La famille d’un couple tué par un immigré sans papiers était présente mardi à Washington D.C. pour le discours de Donald Trump sur l’état de l’Union. Ce n’est pas la première fois qu’un président envoie un message politique avec son choix d’invités.
Le président américain Donald Trump a commencé son troisième discours sur l’état de l’Union, mardi 5 février devant le Congrès, avec un appel à l’unité entre les républicains et les démocrates. Mais il suffisait de regarder autour de la salle pour voir l’évidence des divisions toujours présentes au cœur de la politique américaine.
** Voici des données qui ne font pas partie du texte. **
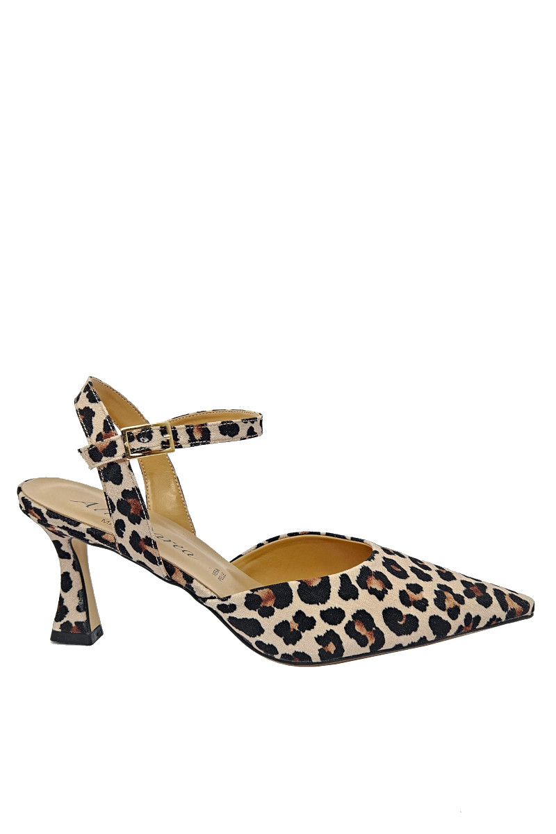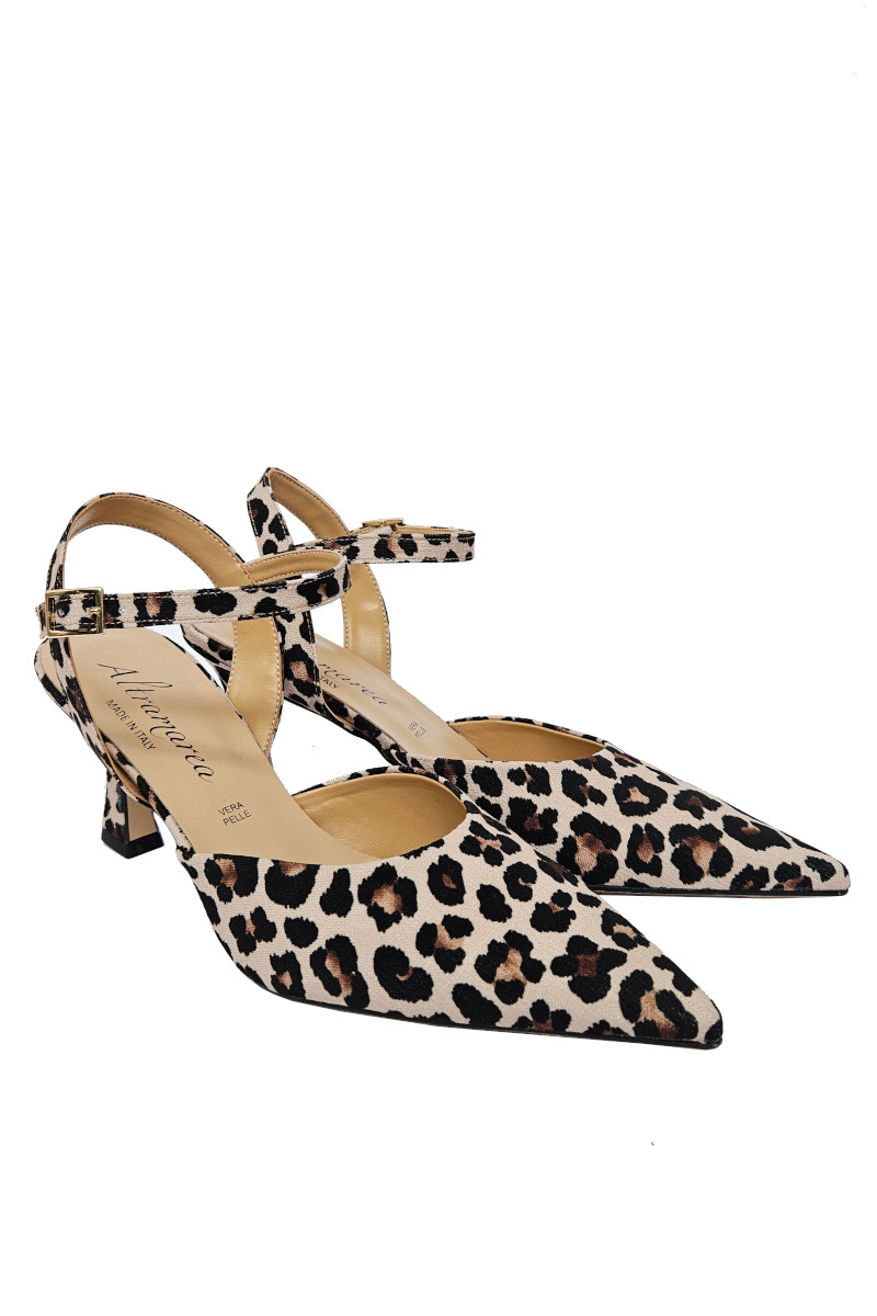 Sandalo punta in tessuto stampa maculata con cinturino alla caviglia. Strepitoso e di tendenza, se lo indossi non passi inosservata. Tacco 7 cm

Le choix des invités – la famille d’un couple tué par un immigré sans papiers – ne laisse aucun doute sur la détermination du président. Il n’abandonnera pas son projet d’un mur sur la frontière avec le Mexique, dont le désaccord sur le financement a causé la fermeture du gouvernement américain pendant 35 jours. Les invités pour faire passer des messages : depuis les années 1980, c’est un moyen pour un président d’afficher ses priorités.
Début d’une coutume
Si le premier discours sur l’état de l’Union a été prononcé par George Washington en 1790, c’est à Ronald Reagan que l’on doit la tradition d’honorer des invités, selon le magazine Time. En 1982, le président républicain accueille Lenny Skutnik, un fonctionnaire qui a plongé dans le fleuve Potomac à Washington pour sauver une femme, après qu’un avion a percuté un pont. Dans son discours, Ronald Reagan avait alors loué « l’esprit de l’héroïsme américain ».
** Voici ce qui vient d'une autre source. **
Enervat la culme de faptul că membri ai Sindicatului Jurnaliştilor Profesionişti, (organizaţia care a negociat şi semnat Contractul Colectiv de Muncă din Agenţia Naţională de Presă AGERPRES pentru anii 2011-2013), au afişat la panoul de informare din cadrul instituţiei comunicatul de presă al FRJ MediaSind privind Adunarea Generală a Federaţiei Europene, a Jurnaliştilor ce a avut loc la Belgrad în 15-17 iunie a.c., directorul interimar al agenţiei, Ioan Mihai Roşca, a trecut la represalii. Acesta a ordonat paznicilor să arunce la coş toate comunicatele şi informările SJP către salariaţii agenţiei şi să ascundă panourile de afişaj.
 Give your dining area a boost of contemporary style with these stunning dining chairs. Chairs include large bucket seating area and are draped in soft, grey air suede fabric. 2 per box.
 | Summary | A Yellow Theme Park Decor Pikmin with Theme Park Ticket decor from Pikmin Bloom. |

Faire avancer son programme
La stratégie a évolué avec les années, d’une célébration des valeurs américaines, à l’appui d’un programme législatif. En 1999, Bill Clinton invite alors Rosa Parks, figure du mouvement des droits civiques aux Etats-Unis, dont la présence souligne l’engagement du gouvernement à combattre la discrimination. « Pour la plupart d’entre nous qui sommes là aujourd’hui, ce parcours a commencé il y a 43 ans, lorsqu’une femme qui s’appelle Rosa Parks s’est assise dans un bus dans l’Alabama et a refusé de se lever », affirme-t-il. Après plusieurs minutes d’applaudissements de tous les côtés, le président Clinton demande au Congrès de renforcer les lois anti-discrimination.
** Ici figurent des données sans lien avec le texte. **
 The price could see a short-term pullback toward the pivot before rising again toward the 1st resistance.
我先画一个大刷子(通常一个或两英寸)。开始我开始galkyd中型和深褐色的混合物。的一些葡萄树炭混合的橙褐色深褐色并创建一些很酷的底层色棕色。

Barack Obama convie lui aussi des citoyens américains qui incarnent son programme politique. En 2015, le couple présidentiel accueille Astrid Muhammed, « une mère de deux jeunes enfants, qui est encore vivante aujourd’hui grâce en grande partie aux soins qu’elle a reçu, rendus possibles par l’Affordable Care Act », la réforme controversée du système de santé américain, selon la Maison-Blanche.
Chaise vide
L’absence d’invités peut aussi être un symbole fort. Pour son dernier discours sur l’état de l’Union, en 2016, le président Obama avait laissé un siège vide, en hommage « aux victimes de la violence par armes à feu qui n’ont plus de voix ». Ses huit ans à la Maison-Blanche ont été marqués par de nombreuses tueries de masse, et l’impossibilité de faire passer des lois sur le contrôle des armes à feu. Chaise vide aussi pour le président George W. Bush en 2003, en hommage aux victimes des attentats du 11 septembre 2001.
La guerre des symboles
Mais si les invités du président bénéficient d’une plus grande visibilité, les sénateurs et les élus de la Chambre des représentants sont également accompagnés par des invités, et leurs choix sont tout aussi symboliques. Mardi dernier, les démocrates ont pris le contre-pied de Donald Trump en invitant ceux qui ont subi les conséquences de la politique du président. Parmi les convives, deux anciennes employées sans papiers du club de golf de Donald Trump dans le New Jersey ; et un militaire transgenre, alors que le président souhaite empêcher les personnes transgenres de servir dans l’armée. Des symboles forts choisis par l’opposition qui se prépare déjà à affronter Donald Trump en 2020.